Although Hamlet’s patience can be seen as an example of his procrastination, I think that it is rather a sign of rationality. Hamlet shows himself perfectly capable of action, as well as of rational thought, in escaping the king’s armed guard, dispatching Rosencrantz and Guildenstern to their deaths in England, dealing with the pirates and making it back to Denmark. In addition, the letter Horatio from him through the ambassador bound for England is clear and precise and shows no signs of a befuddled mind. Finally, I am convinced of Hamlet’s sanity by his very normal reactions to the people around him.
He is perfectly sane, friendly and courteous with the players, giving them good acting tips which they appreciate and respect.
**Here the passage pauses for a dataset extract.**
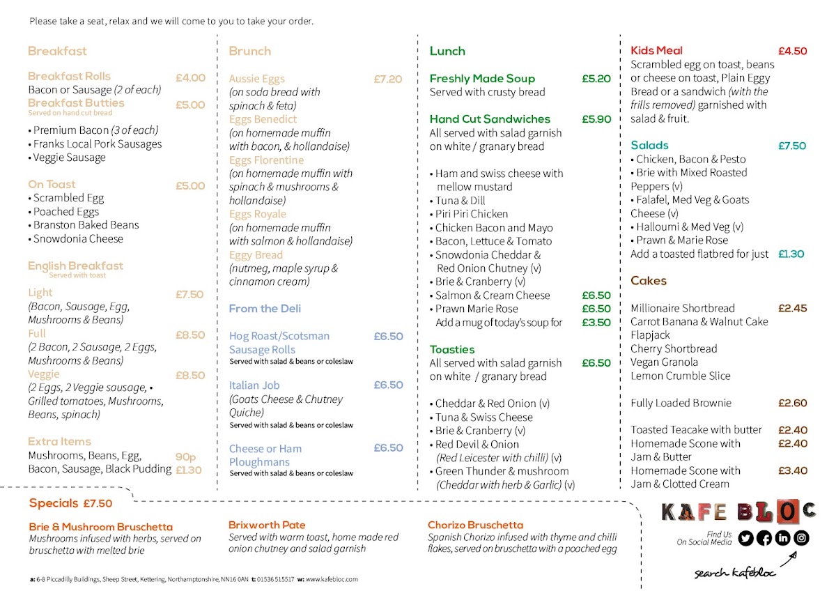 Welcome to Kafe Bloc, a charming café nestled in the heart of Kettering. This delightful eatery offers a menu that celebrates wholesome comfort food, perfect for breakfast and brunch.
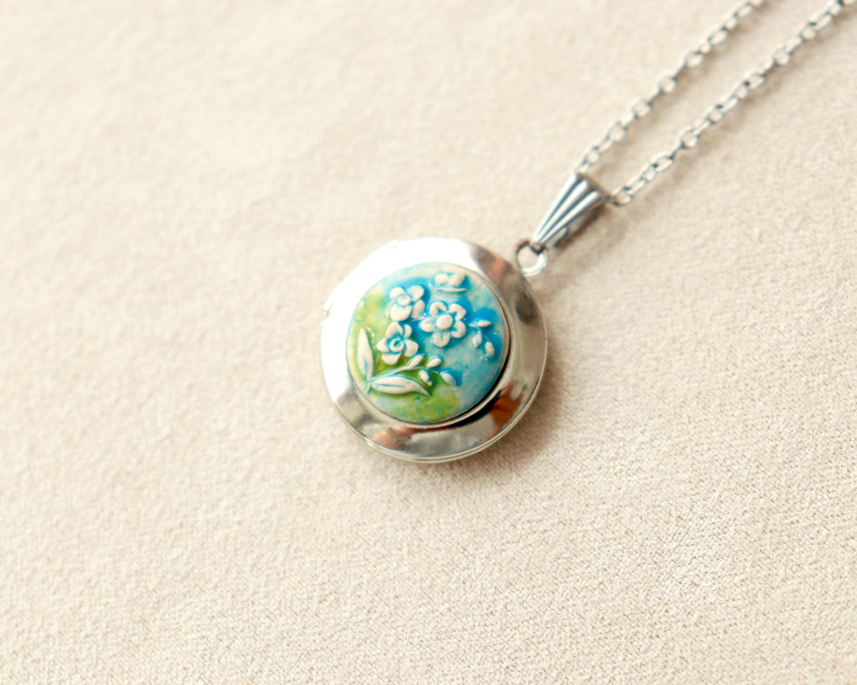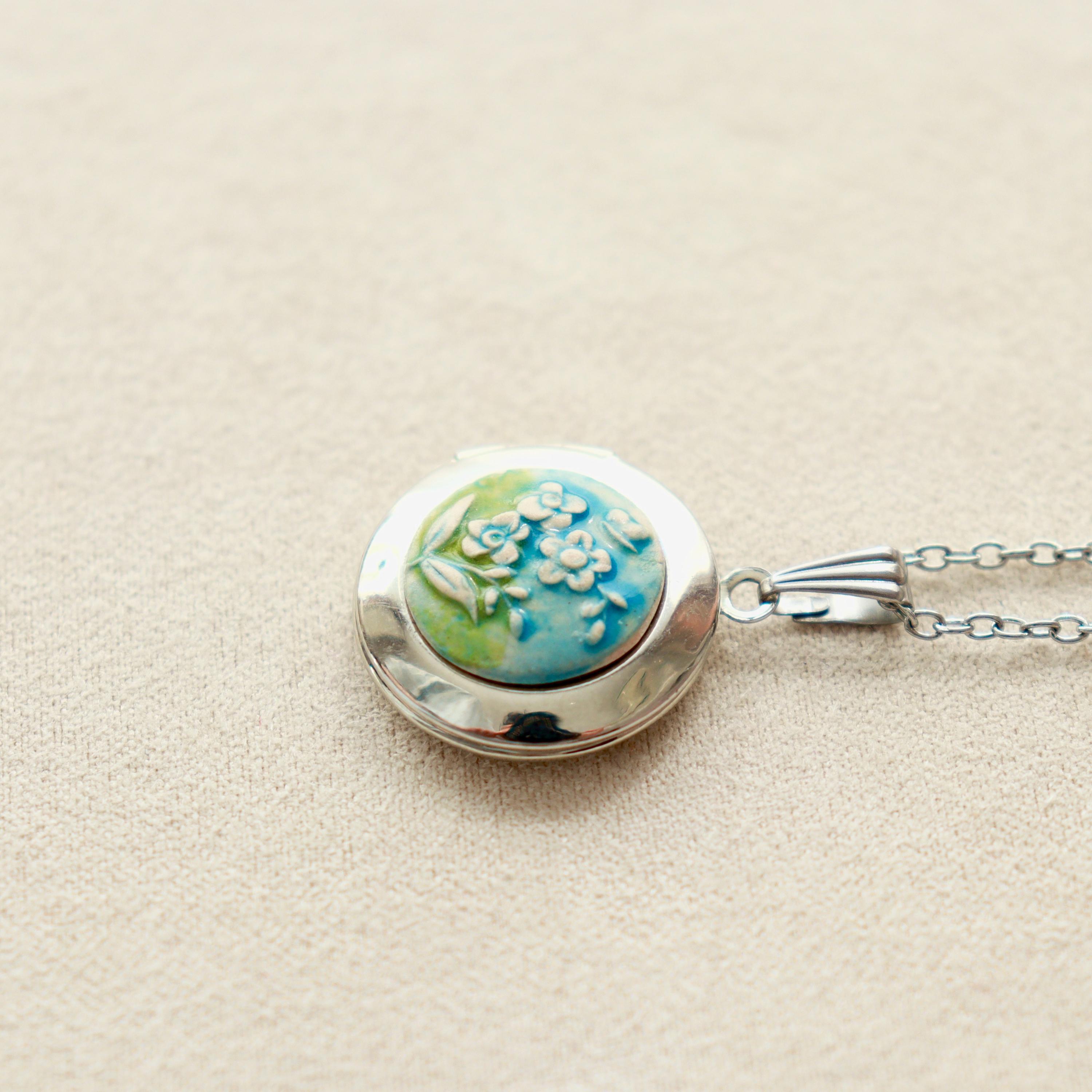Ceramic Floral Locket Necklace, Pastel Keepsake Pendant, Forget-me-not flower

When Polonius and Claudius test the theory of rejected love by “loosing” Ophelia to him, Hamlet acts completely rationally. He greets Ophelia sweetly, gets a little cold when he remembers that he has not seen her “for this many a day,” is very hurt when she returns his remembrances, and becomes completely furious, insulting womankind in general, when she lies to him about her father’s whereabouts and he realizes he is being spied on.
He reacts the way any hurt young rejected lover would. In the end, it is surprising that he is able to keep up the charade of feigning madness for so long, and part of his tragedy is that it doesn’t help him anyway; in the end, he avenges his father by killing Claudius not through an act of madness, but as a result of Claudius’s own treachery.